What we hope the reflections we have shared in this article demonstrate, are the ways and extent to which our innovative online participatory research program illustrated the possibilities for retaining the unique advantages of participatory research in the online space. Ongoing collaboration with low-income parents and carers from June 2020 provided opportunities for the creation of timely evidence and policy recommendations relating to the experience of low-income families during the pandemic, and underpinned considerable impact—findings were communicated widely by participants on high profile media sites, as well as with policy-makers and parliamentarians. The development of a sense of trust between researchers and participants, and of solidarity among participants, was fundamental in challenging myths and stigmatizing narratives around poverty and receipt of social security. Nevertheless, our experience suggests that, while an ethics of care can be maintained in online-only participatory research, this is not without its challenges and requires pragmatism, creativity, and empathy on the part of researchers to respond in new ways to the needs of, sometimes vulnerable, participants.

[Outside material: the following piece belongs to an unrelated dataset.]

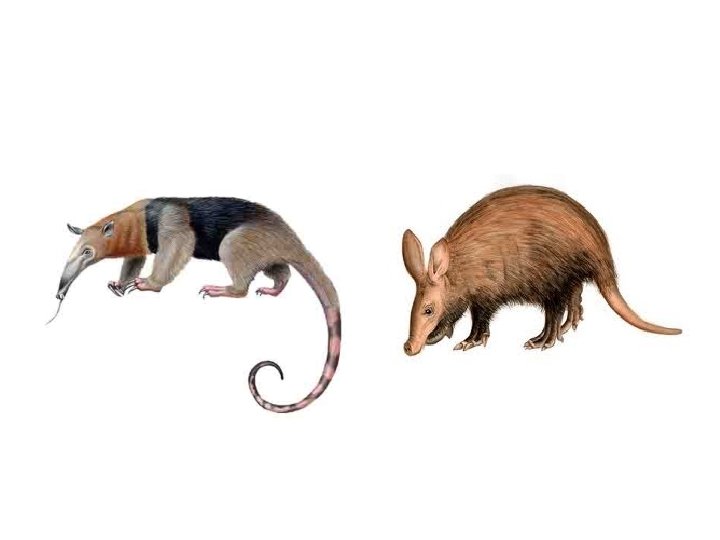 Cerdo hormiguero Clase: mamíferos Distribución: África (sabana). Alimentación: Termes y hormigas. Hábitos: nocturnos Adaptaciones anatómicas: Patas delanteras cavadoras provistas de dedos con fuertes uñas. Hocico largo y cilíndrico, con una pequeña abertura bucal por donde asoma la lengua. Esta es delgada y pegajosa. La introducen por las galerías de termiteros y hormigueros y la retiran cubierta de presas.
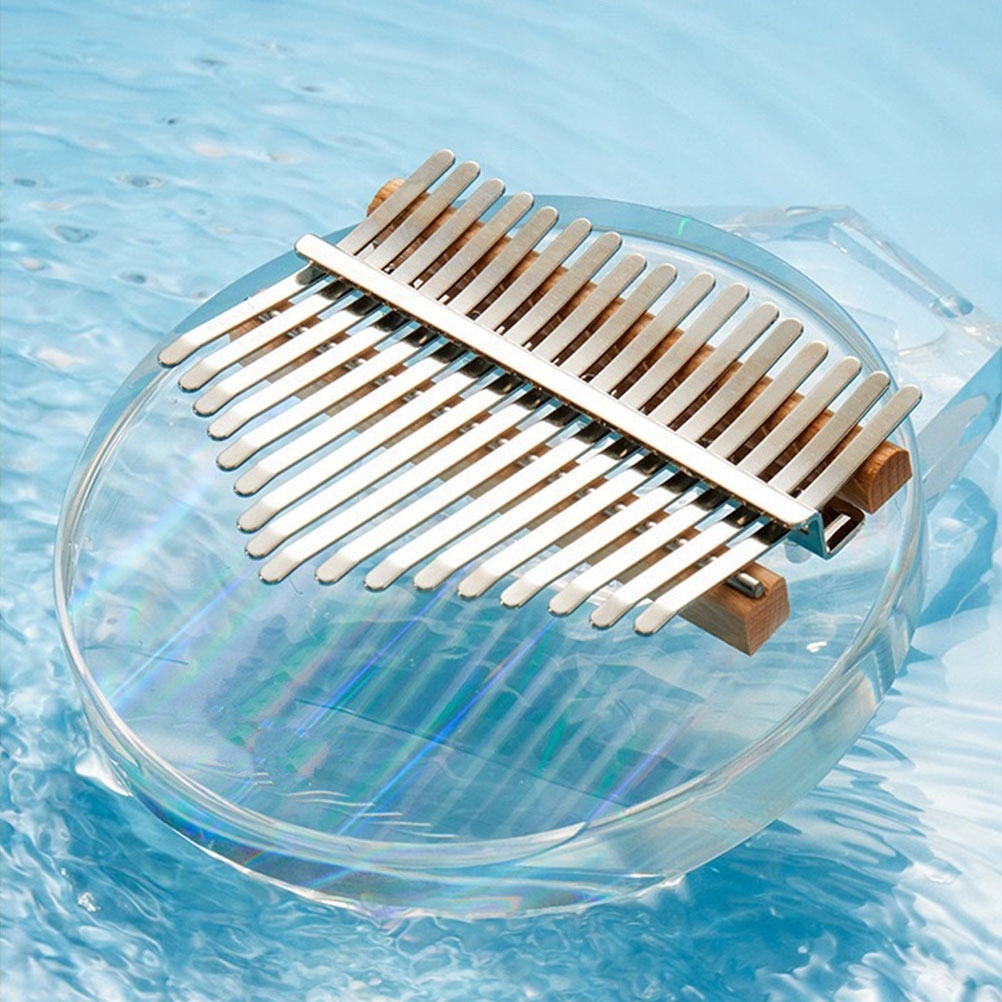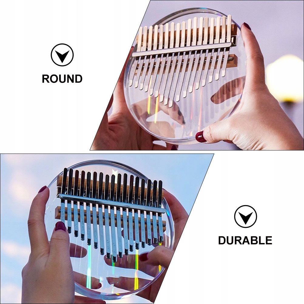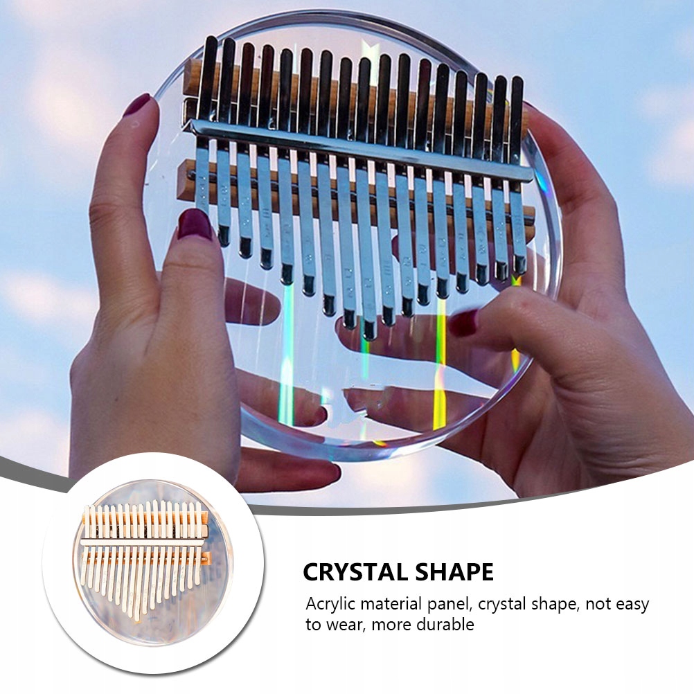 Изготавливается из акрила, который приобретает полную приятную вибрацию при игре на металлических клавишах, а затем создает мелодичные и продолжительные звуки.

As we set out earlier in this article, our participatory approach was underpinned by a feminist praxis which motivated the research from the outset, and which guided and informed our decision making across the program. Cahill et al (2010, p. 407) argue that participatory research can draw on, and itself constitute, a feminist praxis of critical hope, “where what could be is sought, where what has been is critiqued and where what was is troubled.” Thinking of participatory approaches as constituting practices of critical hope, and drawing on what Bell and Pahl (2018, p. 105) describe as a “utopian method” has great value in reminding us of the importance that these approaches look forward and look upstream to develop proposals and practices of change. We would argue that the practice of participation is itself radical and hopeful, unsettling dominant inequalities and often tired (but popular) forms of engagement between researchers and participants (see also, Patrick, 2019). The utopian and hopeful bent of participatory work fuels the activity for all involved, but it also comes with risks, given the challenging political context in which change is sought. Covid Realities has sought to navigate this context, pushing for change in different places and with various actors, but without much—if any—notable success. But where it has been more successful has been in its hopeful, utopian practice, a practice which we would encourage others to experiment with and apply to their own research approaches. As Lexie put it in her last diary entry for Covid Realities:

Covid Realities has meant the world to me during what has been an incredibly difficult year. Covid Realities has helped my mental health in an insurmountable way and at times literally kept me sane, it has given me a place to express my worries and woes but it has also given me a place to share my little victories and has given me a purpose. I have become part of something for the better. I have become a voice in the fight for justice, fairness, and food equality.